A question heard frequently in private practice is how do we stay on top of paperwork when our passion is engaging the client in doing meaningful work? What if clinical documentation supports them in getting additional resources such as disability or explores reunification with their children? When working with individuals or families involved in the Department of Human Services (DHS), probation, diversion, or other entities evaluating your client, the documentation you keep takes on an additional level of importance in capturing the client’s progress. So how does one balance recording the content of the session consistently while protecting client confidentiality? Balancing requirements for documentation with client privacy is an art form that requires consistency and practice.
Construction of Case Notes
Depending on your preference for hand written, typed, or electronic notes, your content and formatting of those notes could be dictated by private or state assistance insurance panels in order to process claims and receive payment for services rendered. With this in mind, most insurance panels require the following to be identified in each note:
- Full name of client and insurance ID
- Date of service
- Time of Service
- Duration of Service
- CPT Code that indicates individual therapy, family therapy, case management, etc.
- Overview of therapeutic interventions utilized in the session
- Progress towards identified treatment goals
- Current mental health diagnosis
- Client presentation in session
- Next scheduled appointment
By formatting your notes in a similar fashion, you can streamline any documentation needs from secondary parties desiring collaboration. Don’t forget a signed Release of Information from your client to facilitate collaboration!
Consistency in Content
Formatting not only provides the outline of a universal progress note, it can support consistency that will reduce the time spent on notes each week. Many therapists report frustration that their notes are behind schedule due to wanting to dedicate their time and energy to the client work. By utilizing a template for notes, it will become easier and more efficient to complete notes in a timely manner, especially in utilizing clinical language. When struggling with how to write clinical language that captures the professional interventions present in each session, it can be helpful to have some go-to phrases that indicate progress without providing too much detail. Here are some examples of common content and professional language that could be helpful in writing clinical notes:
Confidentiality for Clients
In addition to clinical documentation supporting professional record keeping in line with ethical requirements, another component it can support is client confidentiality. It can feel like a fine line providing adequate written evidence of professional interventions without violating client privacy.
One strategy to ask yourself is, “would my client feel uncomfortable with my notes being seen in court or by others?” If the answer is yes, you may want to re-evaluate how you write your notes to support clear, concise interventions that would not put confidentiality at risk. Below are some documentation tips to consider in supporting client privacy:
- Keep client direct quotes to a minimum. They are best included when capturing safety concerns. Client reported “I want to die” leading to assessment and safety planning in session.
- Avoid emotion-driven language without evidence such as, client was happy/sad/angry in session.
- Support ownership of statements such as, this writer observed or client reports when documenting statements or content of a session.
- Keep language neutral.

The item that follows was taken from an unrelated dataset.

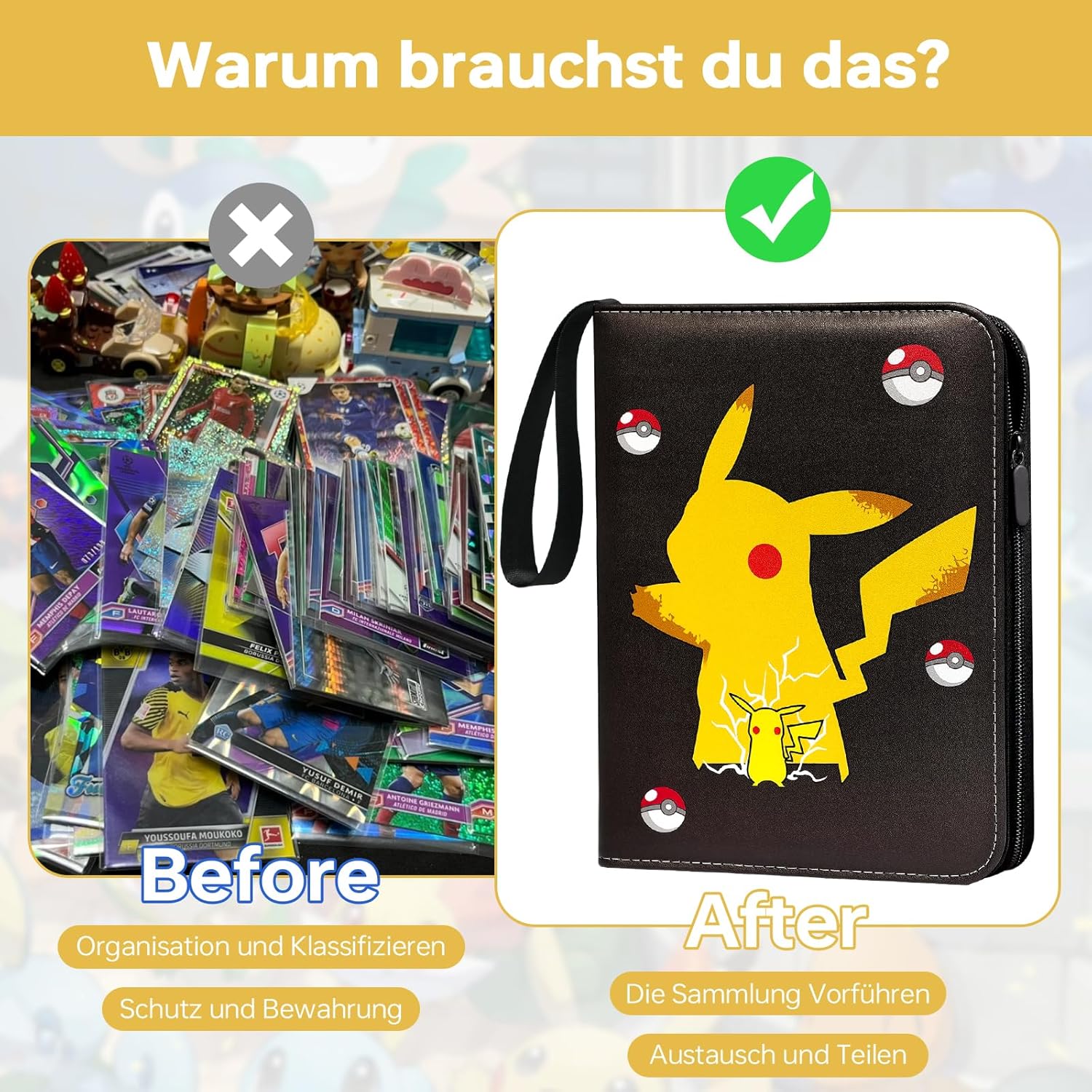 Album di carte collezionabili carino e accattivante: il nostro album di carte collezionabili è ispirato a un anime molto popolare. Il raccoglitore di carte collezionabili ha un design colorato, presenta disegni vivaci e iconici e mette in risalto gli elementi anime amati dai fan. Infatti, i fan che possiedono carte preziose e rare affermano di fidarsi del nostro album di carte collezionabili per evitare che i loro oggetti da collezione perdano valore. Regalo bello e pratico per collezionisti di carte: il nostro porta carte collezionabili offre design adorabili, vivaci e accattivanti, è un regalo straordinario e pratico per gli amanti delle carte e i collezionisti per il compleanno, la festa dei bambini, il Ringraziamento, Natale, Capodanno. Puoi facilmente sentirti distintivo e diverso dagli altri album di carte collezionabili, sia i bambini che gli adulti apprezzeranno sicuramente questo colorato libro di carte collezionabili. Utilizzato anche come album di materiale scolastico. Libro di carte collezionabili di alta qualità: il nostro porta carte è realizzato in pelle resistente, che ha una buona resistenza agli urti, alla polvere e all'umidità. La superficie impermeabile è facile da pulire. Le cerniere premium proteggono le carte dalla caduta e la maniglia portatile è comoda da portare ovunque. Il design rimovibile a 3 anelli è comodo per aggiungere o rimuovere manicotti interni. Il design con caricamento dall'alto semplifica l'inserimento e la rimozione delle carte. 400 buste per carte: il nostro taccuino per la raccolta di carte viene fornito con 50 buste per carte trasparenti e rimovibili (possono essere utilizzate su entrambi i lati), 8 carte per pagina, può contenere fino a 400 carte, mantiene le tue carte ben organizzate e in condizioni eccellenti. Le buste trasparenti sono impermeabili e resistenti, robuste in modo che le carte non si pieghino, proteggono le tue carte dall'invecchiamento, dalle macchie e dall'umidità. Adatto per una varietà di carte collezionabili: il nostro raccoglitore per carte collezionabili da 400 tasche è compatibile con più carte collezionabili di dimensioni standard, carte da gioco, carte sportive, carte da gioco, biglietti da visita, cartoline, francobolli, carte bancarie, mini foto Polaroid e altro ancora. Goditi una protezione migliore e più sicura con il nostro album di carte collezionabili.

It is best to avoid a positive or negative tone in notes to prevent accusations of bias or alignment that would put professionalism in question.
It is recommended you seek consultation or supervision to further explore your documentation needs. Your professional organizations can provide ethical guidelines whereas insurance panel websites offer Providers valuable templates for clinical documentation that meet audit standards. With luck, you will perfect your clinical writing to maximize time in therapeutic interventions while remaining compliant with documentation needs to best serve your clients and your practice.